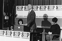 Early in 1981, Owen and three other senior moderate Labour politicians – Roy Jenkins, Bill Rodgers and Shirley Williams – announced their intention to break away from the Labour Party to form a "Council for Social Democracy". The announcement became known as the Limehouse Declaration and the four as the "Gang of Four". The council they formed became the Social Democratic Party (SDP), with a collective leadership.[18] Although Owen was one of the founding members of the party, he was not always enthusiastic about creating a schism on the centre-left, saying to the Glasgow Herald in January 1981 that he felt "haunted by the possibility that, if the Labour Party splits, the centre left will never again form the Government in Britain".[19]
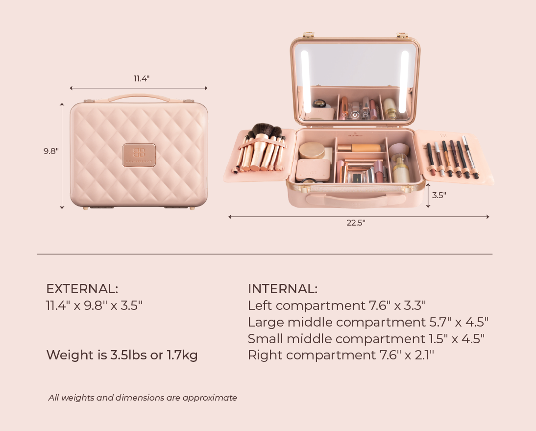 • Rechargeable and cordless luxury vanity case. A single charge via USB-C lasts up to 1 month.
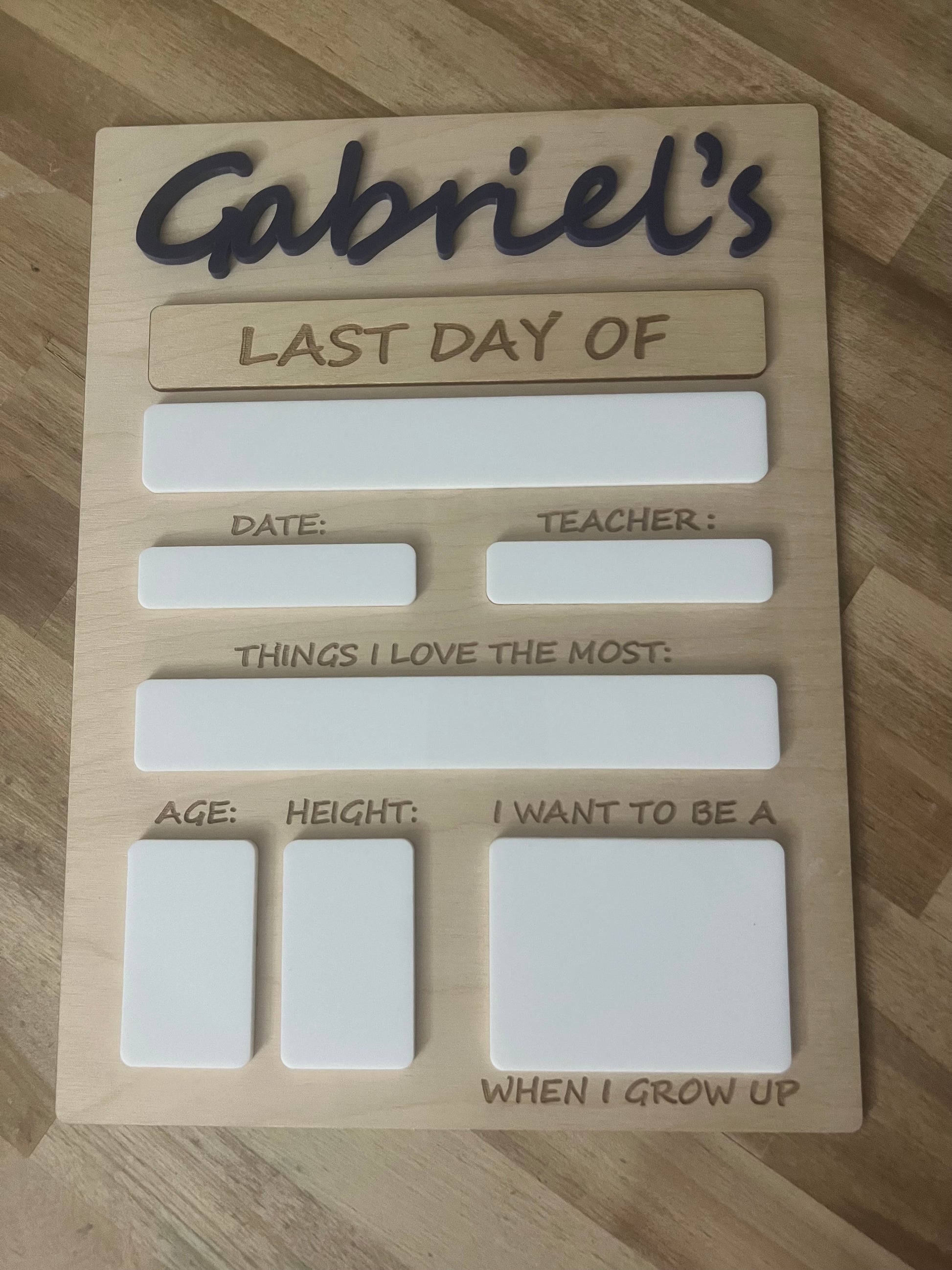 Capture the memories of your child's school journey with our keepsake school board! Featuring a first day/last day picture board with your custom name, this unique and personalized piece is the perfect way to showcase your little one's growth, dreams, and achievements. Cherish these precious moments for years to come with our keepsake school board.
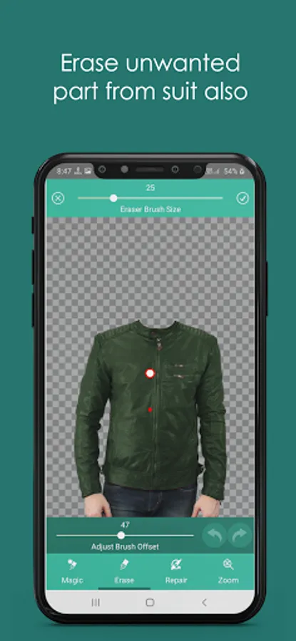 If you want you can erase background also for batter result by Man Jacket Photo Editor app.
==
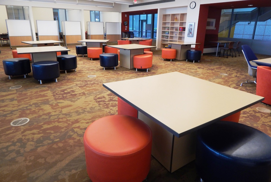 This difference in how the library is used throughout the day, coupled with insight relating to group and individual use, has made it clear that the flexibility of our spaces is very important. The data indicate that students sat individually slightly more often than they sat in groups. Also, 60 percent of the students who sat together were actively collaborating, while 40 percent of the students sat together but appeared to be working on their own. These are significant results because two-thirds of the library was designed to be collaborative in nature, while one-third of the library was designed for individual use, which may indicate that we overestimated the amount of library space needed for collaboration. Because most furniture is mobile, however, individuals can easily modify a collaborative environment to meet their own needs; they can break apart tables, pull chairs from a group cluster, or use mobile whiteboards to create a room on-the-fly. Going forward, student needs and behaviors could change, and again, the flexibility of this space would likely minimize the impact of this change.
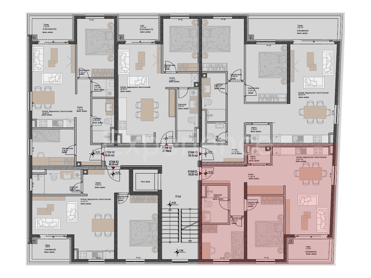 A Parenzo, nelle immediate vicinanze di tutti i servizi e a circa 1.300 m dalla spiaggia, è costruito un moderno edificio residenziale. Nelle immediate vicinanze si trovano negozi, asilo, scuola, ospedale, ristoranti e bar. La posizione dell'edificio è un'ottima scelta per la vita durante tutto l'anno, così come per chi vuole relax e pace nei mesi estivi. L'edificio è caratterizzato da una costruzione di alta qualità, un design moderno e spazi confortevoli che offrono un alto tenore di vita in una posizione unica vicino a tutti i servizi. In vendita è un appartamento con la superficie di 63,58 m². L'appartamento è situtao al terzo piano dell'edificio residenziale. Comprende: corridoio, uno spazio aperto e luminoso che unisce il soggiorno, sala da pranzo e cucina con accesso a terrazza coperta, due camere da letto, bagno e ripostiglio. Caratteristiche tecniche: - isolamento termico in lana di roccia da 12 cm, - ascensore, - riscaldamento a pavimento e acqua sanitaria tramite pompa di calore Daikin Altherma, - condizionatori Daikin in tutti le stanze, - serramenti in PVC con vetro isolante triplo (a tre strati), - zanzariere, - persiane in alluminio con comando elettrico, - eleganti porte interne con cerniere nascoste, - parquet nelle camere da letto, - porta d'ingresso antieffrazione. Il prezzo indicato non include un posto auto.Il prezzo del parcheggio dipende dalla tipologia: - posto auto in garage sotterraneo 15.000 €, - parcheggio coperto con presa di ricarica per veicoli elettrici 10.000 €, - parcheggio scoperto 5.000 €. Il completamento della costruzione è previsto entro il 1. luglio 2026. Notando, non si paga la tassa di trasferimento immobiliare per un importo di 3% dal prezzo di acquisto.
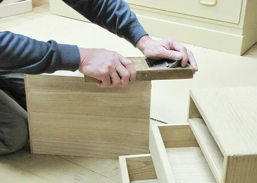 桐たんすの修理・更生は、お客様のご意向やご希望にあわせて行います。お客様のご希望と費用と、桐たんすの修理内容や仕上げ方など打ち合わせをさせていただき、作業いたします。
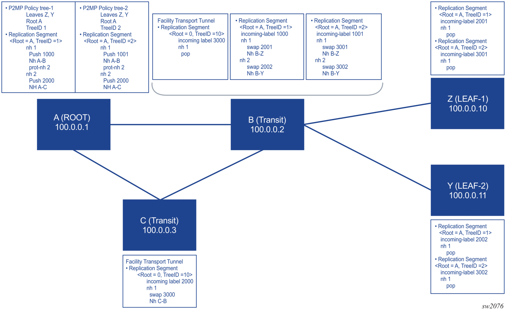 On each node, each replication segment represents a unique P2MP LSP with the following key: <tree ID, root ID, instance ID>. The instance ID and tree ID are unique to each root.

**THE TASK:**
Leaving each picture behind, please give again exactly the lines above from the one with "桐たんすの修理・更生は、お客" through the one with "On each node, each", both included, and no others.

**EXPECTED ANSWER:**
 桐たんすの修理・更生は、お客様のご意向やご希望にあわせて行います。お客様のご希望と費用と、桐たんすの修理内容や仕上げ方など打ち合わせをさせていただき、作業いたします。
 On each node, each replication segment represents a unique P2MP LSP with the following key: <tree ID, root ID, instance ID>. The instance ID and tree ID are unique to each root.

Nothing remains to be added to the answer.